Given the feature of BELD domains in neuronal long genes and their association with neurodevelopment, we next examined the appearance of BELD domains at different developmental time points. We systematically analyzed the H3K27ac ChIP-seq profiles of forebrain tissues at 10 developmental time points from The ENCODE Project and a recent study (The ENCODE Project Consortium 2012; Stroud et al. 2017). We found that the BELD domains are absent at embryonic time points and post-natal day (P) 0, begin to appear at P14, and are fully established at P56 (Fig. 2C; Supplemental Fig. S4G), suggesting that the BELD domains are established post-natally, concomitant with the timing of synapse development.

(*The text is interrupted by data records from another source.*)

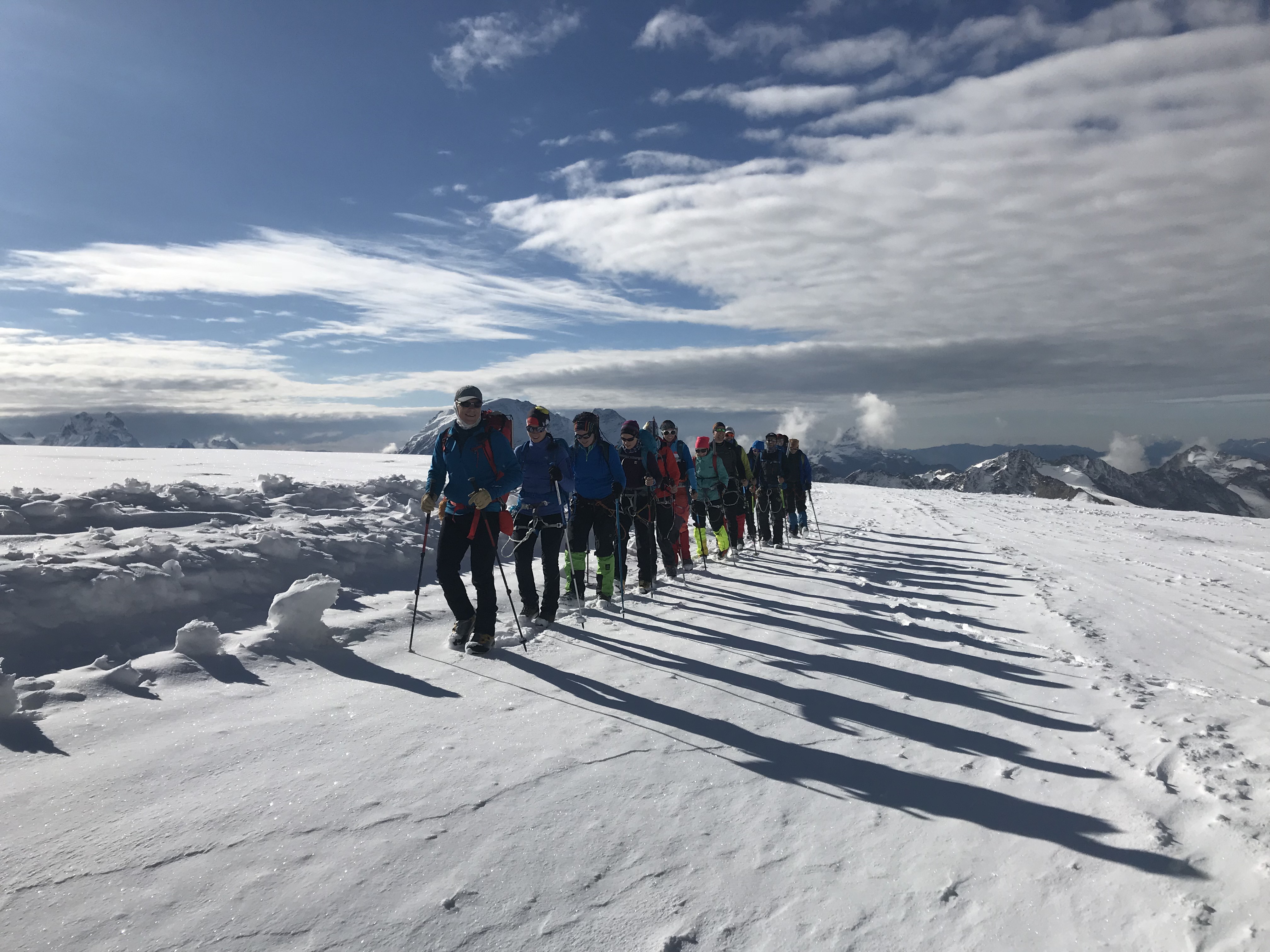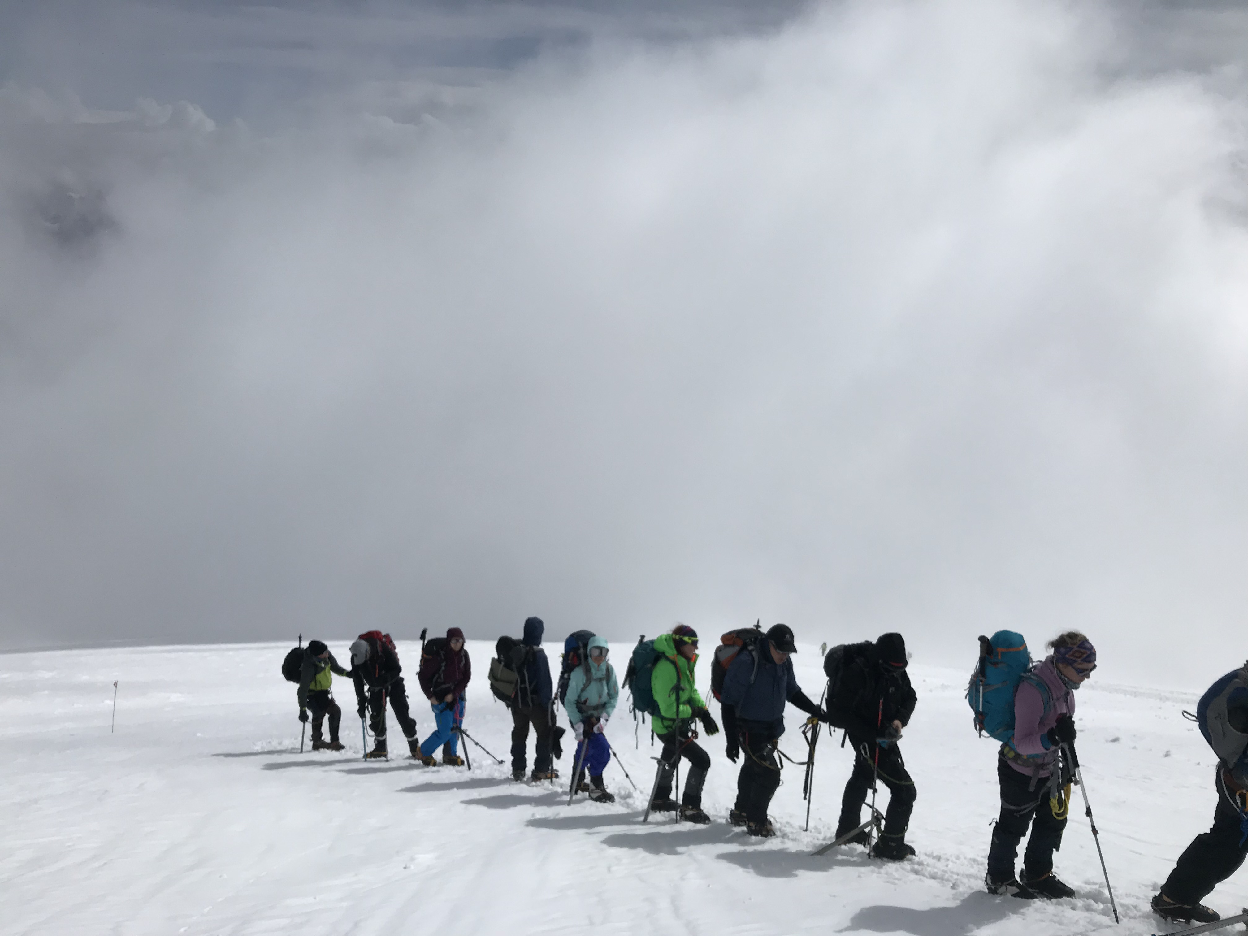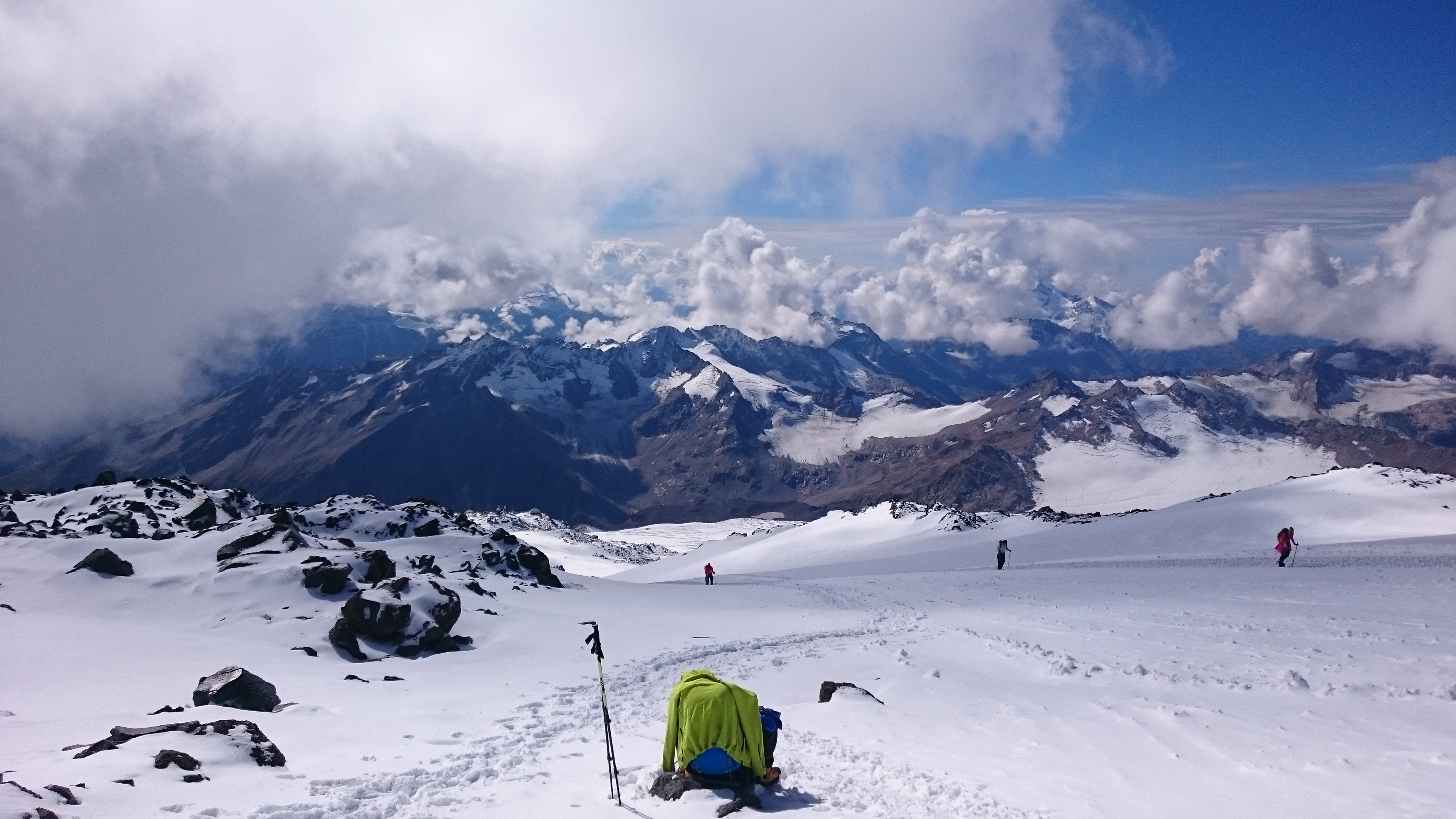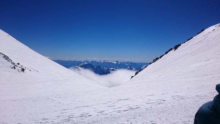 На верхней точке Скал Пастухова на 4750 метрах мы наконец вышли из нижней границы облака, а может просто их к этому времени разогнал ветер. Это было невероятно впечатляющее зрелище: мы выходили из тумана, а под нами возникали горные вершины освещенные солнцем. Мне вдруг стало очень понятно, почему некоторые народы селили своих богов именно на самых высоких горах. Если бы я не чувствовала себя такой уставшей и каждое движение не давалось бы мне так тяжело, то я могла бы почувствовать себя Олимпийским Богом, спускающимся из своих Небесных Чертогов на Землю.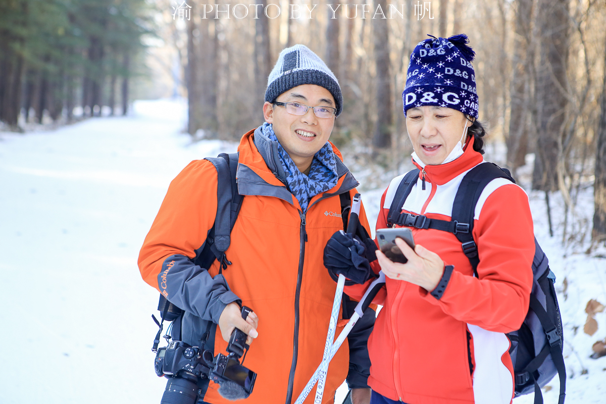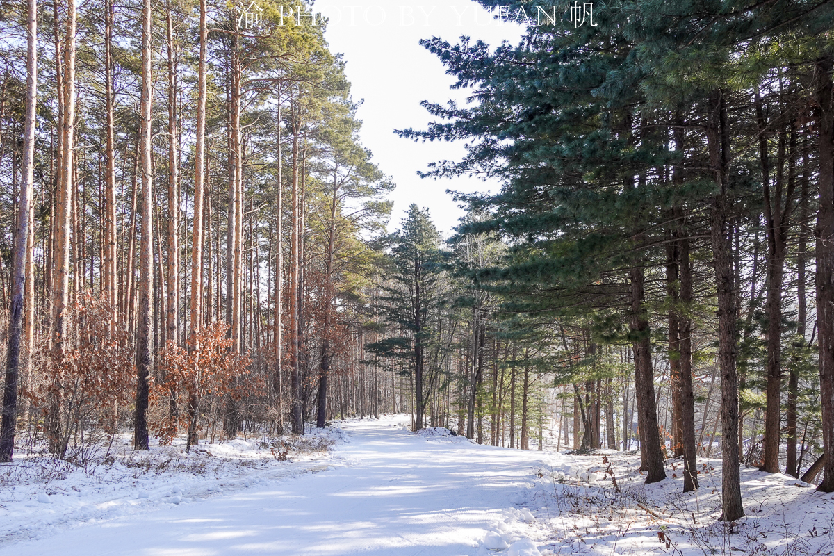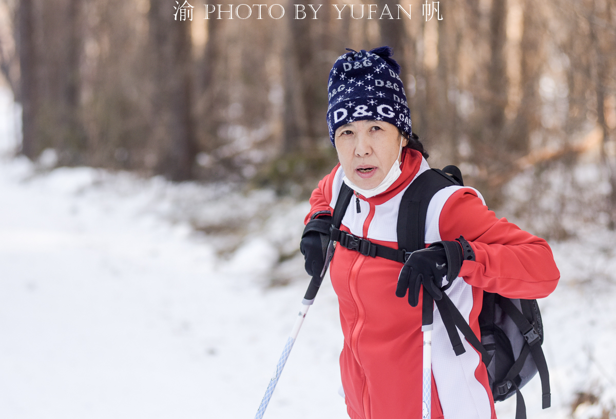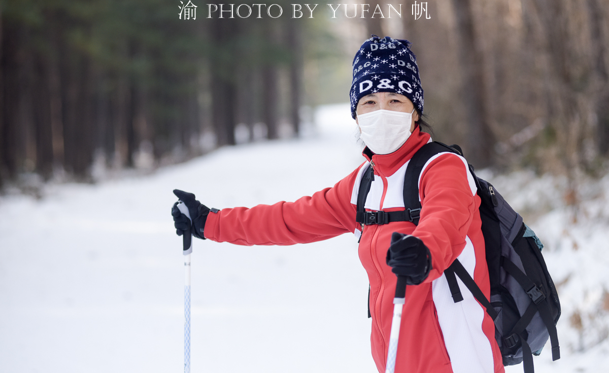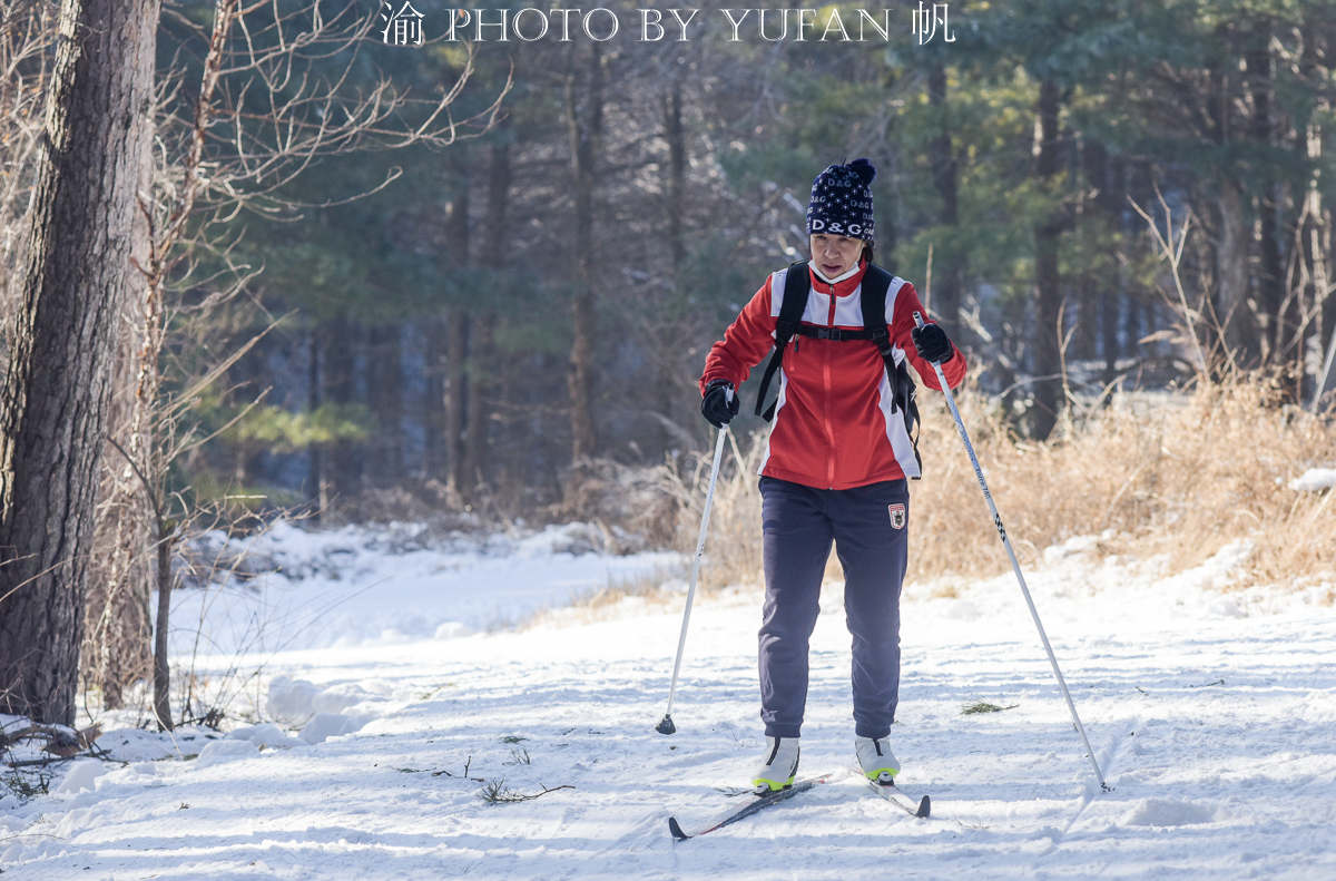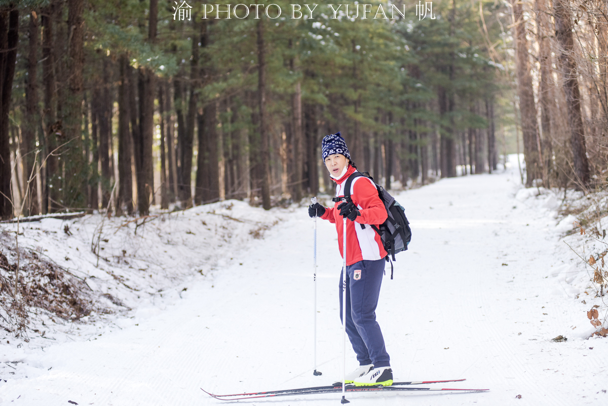 不过我们到来的时候时值中午,上午前来滑雪的游客及来此训练的人员都已经陆续离开,我们漫步在一边是落叶林、一边是四季常青的松木的越野滑雪道上,偶尔才能遇到一位滑雪爱好者路过。在这些滑雪者之中,有一位阿姨来来回回反复多次与我们相遇,于是我上前与她打了招呼,想与她聊上几句,了解一下净月潭滑雪场的情况。
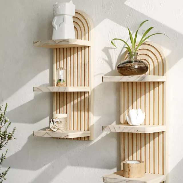 Unlike generic floating shelves, this 3-tier wooden shelf features a stunning arch silhouette and natural wood finish that stands out. Its clean lines and organic materials create a warm, earthy atmosphere, while the boho design adds a creative, relaxed feel to your home. It’s not just functional—it’s an artistic addition to any room.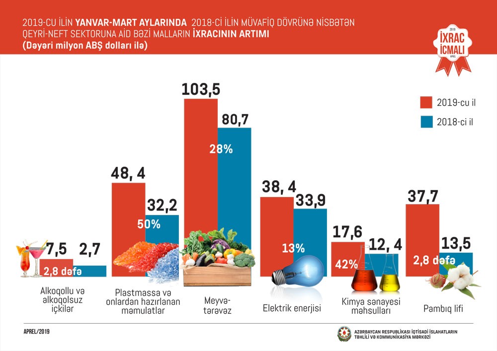 2018-ci ilin müvafiq dövrü ilə müqayisədə cari ilin yanvar-mart aylarında pambıq lifinin ixracı 2,8 dəfə, alkoqollu və alkoqolsuz içkilərin ixracı 2,8 dəfə, plastmassa və onlardan hazırlanan məmulatların ixracı 50 faiz, kimya sənayesi məhsullarının ixracı 42 faiz, pambıq ipliyinin ixracı 34 faiz, meyvə-tərəvəzin ixracı 28 faiz, elektrik enerjisinin ixracı 13 faiz artıb.
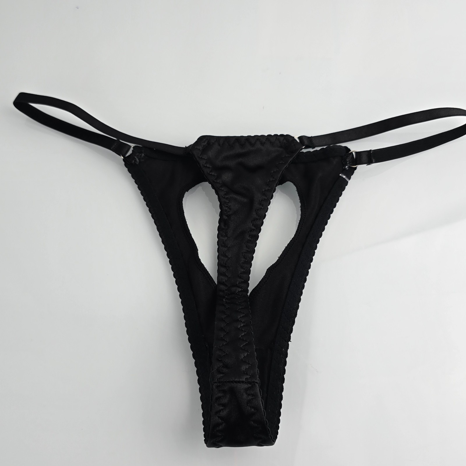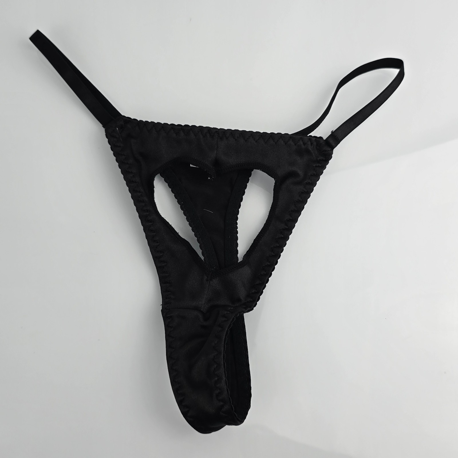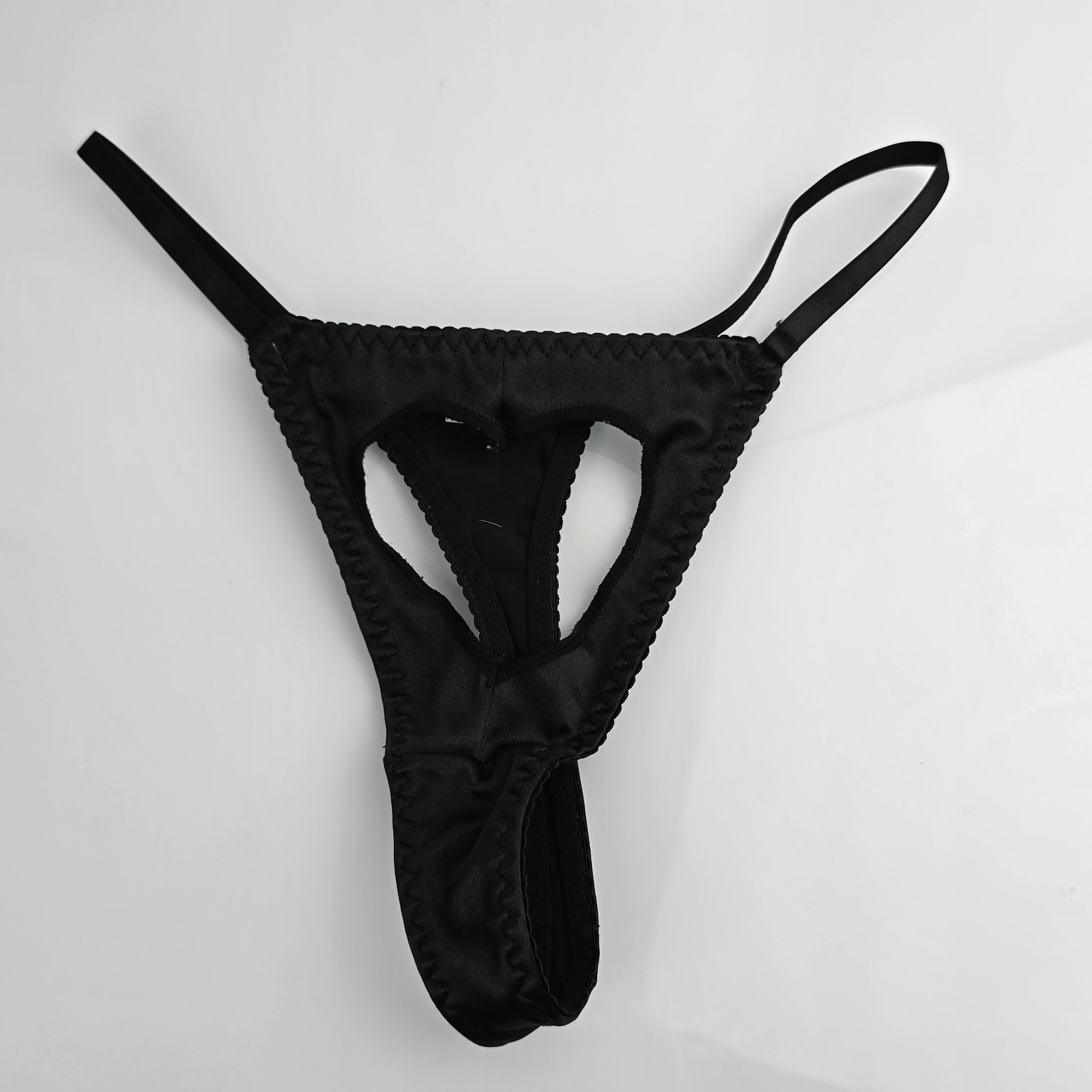 Glossy Smooth Second Skin Satin Black Heart Cut Out String Thong Panties L NEW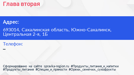 Глава вторая по адресу 693014, Сахалинская область, Южно-Сахалинск, Центральная 2-я, 1Б в дальнейшем Организация, размещена в следующих категориях: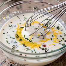 In a large bowl, pour in the buttermilk (200 ml). Add 30 g of rapeseed oil, crushed garlic (15 g - press through a garlic press or finely chop), grated zest from half a lemon, and 30 g of lemon juice (freshly squeezed). Add thyme (10 g), marjoram (2 g), sweet paprika (5 g), salt (5 g), and black pepper (2 g). Whisk for about 30 seconds until the ingredients form a homogeneous, slightly thick marinade.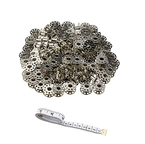 SummerHome 100pcs 0.83" Diameter Sewing Machine Metal Empty Bobbins with Soft Ruler For Brother Janome Singer Toyota Janome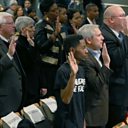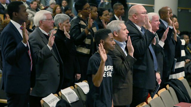 (Photo: Members of a 16 member Ferguson Commission are sworn in by Missouri Governor Jay Nixon, Credit: Getty Images)

BELD domains are associated with high transcriptional activity

Given the known effects of enhancer-related chromatin modifications on gene transcription, we next examined whether the broad enhancer-like domains in the gene body of BELD genes are indicative of distinct transcriptional status. We found that BELD genes are expressed at a significantly higher level than non-BELD control genes (Fig. 3A). Upon analyzing GRO-seq data to measure transcriptional initiation frequency by calculating polymerase II (Pol II) bindings along the gene bodies and to measure Pol II pausing by comparing Pol II densities between TSS and gene bodies (Core et al. 2008), we found an increased frequency of transcriptional initiation at BELD genes, which is about twofold higher than that of non-BELD control genes (Fig. 3B). We also observed a notable decrease in GRO-seq signals around the TSS of BELD genes (Fig. 3C), as well as significantly lower pausing indices (Fig. 3D), a quantitative measurement of Pol II pausing status (Core et al. 2008). This suggests that there is a reduction in Pol II pausing at the promoters of BELD genes (Fig. 3D; Supplemental Fig. S5A–D). Furthermore, we observed higher levels of Pol II occupancy (Fig. 3E), higher levels of H3K79me2 (Fig. 3F), and increased production of eRNA-like transcripts (Supplemental Fig. S5E,F) in the gene body of BELD genes than non-BELD control genes, indicating higher levels of transcriptional activity in BELD genes that is consistent with higher levels of expression (Fig. 3A). Thus, the BELD domains in these genes are associated with distinct transcriptional features, which likely contribute to the high transcriptional activity of BELD genes.

Figure 3.

Figure 3.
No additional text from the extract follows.